I like to begin each column year with a review of the past. It’s an interesting reflection, for me, of what I had on my mind over the past work year, with reminders of conversations with colleagues or important moments of change or innovation in our business. And, as my focus is “nuts and bolts,” I try to remain aware of the needs and perspective of the novice.
In reviewing 2016 I see that several columns dealt with different aspects of the learner experience, an interest sharpened by my husband’s 2014 journey through surgery and recovery. In July I wrote about learners operating in a context we don’t always understand, where customers are made angrier by seeing staff hauled away to watch mandatory customer service training videos. Or we don’t realize that the specifics of a particular job make the very thing we’re teaching impossible for the learner to perform. If you’re asked to “convert” a classroom course to an online format, spend some time in the classroom, where trainers often make on-the-fly changes according to the needs of a particular group—adaptations that may not be written down anywhere. Try to have more influence over how and when solutions are deployed so as not to make things worse for the learner. For that matter, try to have more influence in general.
I noted that sometimes learners are working in a state of panic, where the not-so-rational brain needs clear navigation, simple keywords, and quick “what to do if ____ happens” guidelines. And I wrote about designing for learner success, with an invitation to consider what things (besides tests) can cause learners to fail: things like too much content, poorly constructed interactions, and too much decoration, such as animations that don’t teach and art that distracts.
Instructional design basics
Other straight-up ID-based columns dealt with using themes to help create a more holistic experience for learners, with some ideas for basic plotlines and a caveat about trying too hard to make a weak theme work. There were two columns with tips from my 13 years (that’s right) working in the virtual classroom, focused on how to leverage the chat and whiteboard features to up interaction, increase involvement, and manage large groups. My own favorite of the design-focused columns—an extension of the popular DevLearn “Ukulele Learning” sessions—was an exploration of using music as a design element rather than a cosmetic add-on. Used strategically, rather than as something akin to auditory wallpaper, music and sound can influence attitude, persistence, and motivation; can support a sense of forward motion and an urge to take action; and can affect attention and prediction.
A couple of columns spoke to professional development, for ourselves and for others.
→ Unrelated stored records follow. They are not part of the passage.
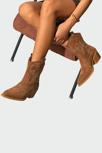 Čizmice nadahnute western stilom koje se ističu zahvaljujući posebnim vezovima i njihovoj snažnoj prisutnosti. Dizajn im kombinira udobnost i stil, čineći ih idealnim odabirom za svakodnevne, ali i posebne prilike. Stabilna potpetica pruža udobnu potporu, dok detalji na gornjem dijelu daju autentičan country štih.
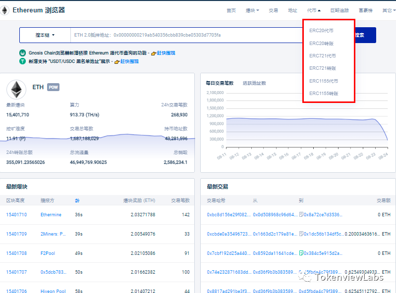 通过Tokenview浏览器,可查询实时ETH/ETC/BSC/Gnosis/Moonriver等所支持的EVM链的所有数据信息。以以太坊区块链浏览器为例,小编带领大家认识一下Tokenview浏览器提供的主要功能板块。
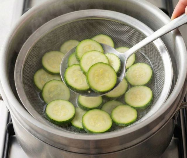 팬에 올리기 전, 애호박을 소금물에 짧게 데치는 과정. 기사 내용 토대로 AI툴 활용해 제작한 자료사진.
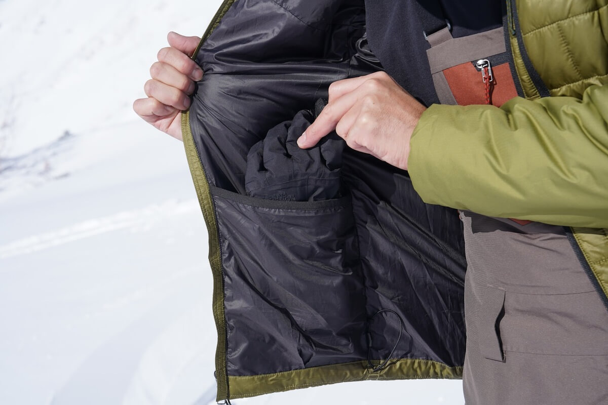 The inner drop-in pocket is large enough to fit gloves snugly. When preparing for a ride, storing your gloves in it prevents them from getting wet or cold from the snow
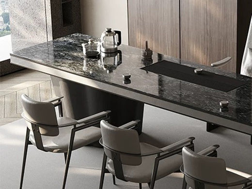 上铭轩 轻奢 岩板威尼斯棕+亚克力+碳素钢五金+电茶炉(不含椅子,茶具) 2米岛台 茶台
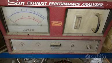 Macchinario originale d’epoca, presumibilmente fine anni ’70 / primi anni ’80, completo di carrello con maniglie laterali e unità inferiore Sun Exhaust Performance Analyzer per analisi gas di scarico (vol % CO).
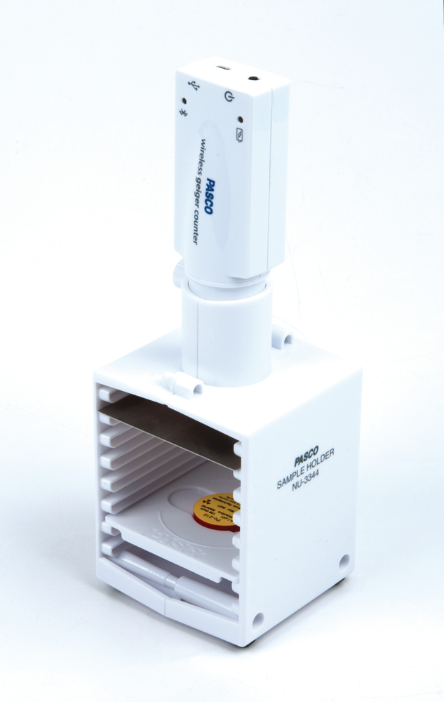 Беспроводной цифровой счётчик Гейгера PASCO подсчитывает частицы бета-, гамма- и альфа-излучения, когда они входят в детекторную трубку Гейгера-Мюллера внутри счётчика. Счётчик Гейгера обеспечивает превосходный контроль положения в лабораториях с законом обратных квадратов, а также звуковой сигнал, указывающий на обнаружение ионизирующего излучения. Передняя пластиковая накладка удобно помещается внутри стойки держателя образцов для счётчика Гейгера PASCO (NU-3344) (приобретается отдельно), которая стабилизирует переднюю часть детекторной трубки счётчика ровно в 1 см от первого паза в держателе.

In my world I see an awful lot of “cargo cult training,” in which the classroom instructor replicates what he saw school teachers do (like showing slides and lecturing), capturing the artifacts of instruction without understanding what’s underneath. Online? Same: Pick a template, load text onto slides, add a “next” button, and call it “eLearning.” Throw in a Jeopardy!—type board to support recall of content, and claim you’ve “gamified” a course. But without an understanding of instructional design, or of the basics of game mechanics, or of how people learn, all this is just a display of artifacts the creator has seen elsewhere. It’s adherence to form without regard to content. Knowing that well-intentioned people often copy what they believe is good practice, it’s on us to help put forth better examples for them to copy. And some of that can come from developing a deeper relationship with the industry’s research base. It’ll help you in conversations with subject matter experts and stakeholders, where you may need to articulate rationale for a decision; it’ll help you add something new or different to conversations and shore up your credibility with other practitioners. It will help you start fewer sentences with “Well, I think…” and more with “Well, evidence shows…” It will help you, as John Seely Brown says, “expand your surface area.”
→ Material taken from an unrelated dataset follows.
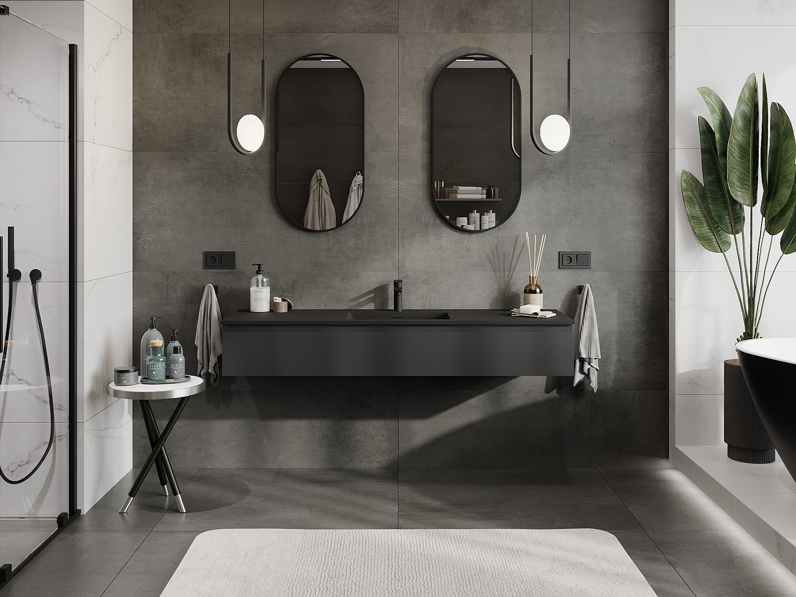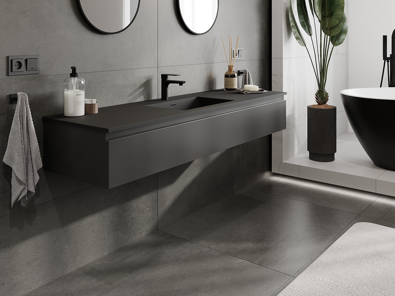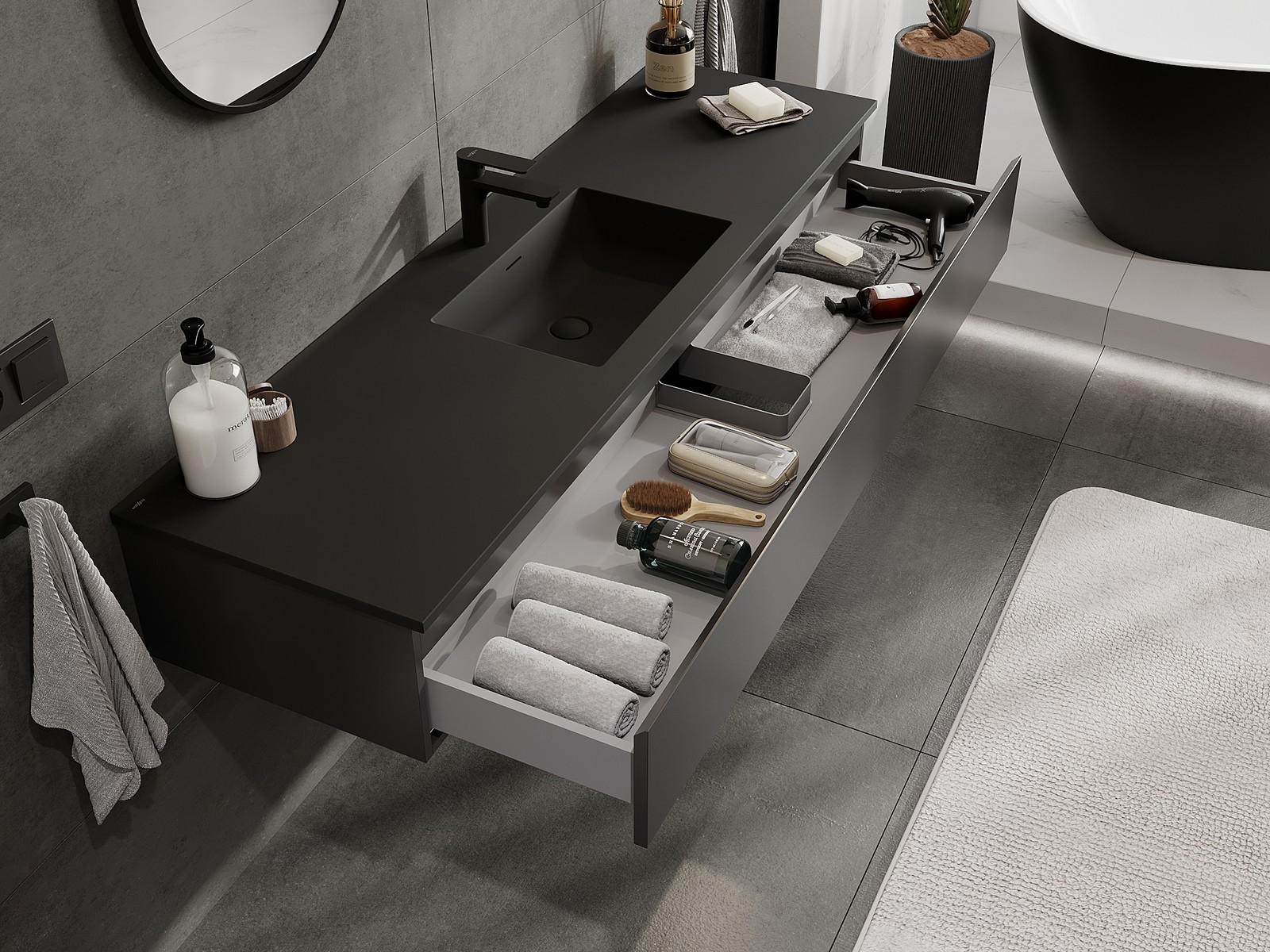Mexen Orio kúpeľňová skrinka 160 cm s umývadlom Otis, 1 zásuvka, čierna matná - 91A10-16023-1-BF71-W18M71

Working out loud, positive deviance, and social learning
My most recent book is Show Your Work: The Payoffs and How-To’s of Working Out Loud, so I’m always interested in talking about that. There’s a lot of talk about this lately, and as much of the focus is on the individual performer, I thought I’d go in another direction and discuss some of the benefits working out loud can bring to the employer. Organizations supporting working out loud will see increased efficiencies, reduce the space between leaders and others, improve public perception of the company, and better preserve institutional knowledge.
2016 also brought tips for being a positive deviant—getting more done despite having no more resources than anyone else, and working with communities to surface existing solutions—and ruminations on Pokémon Go as a reminder that we don’t “do” social learning. It happens organically, around us, everywhere, all the time.
I try to end columns with some ideas for solutions, or improvement, or a reference to check, or actions to be taken. If anything here caught your eye, please do go back and visit the topics that interest you. And note that all the columns back to 2010 can be found here.And happy new year! Bring it, 2017!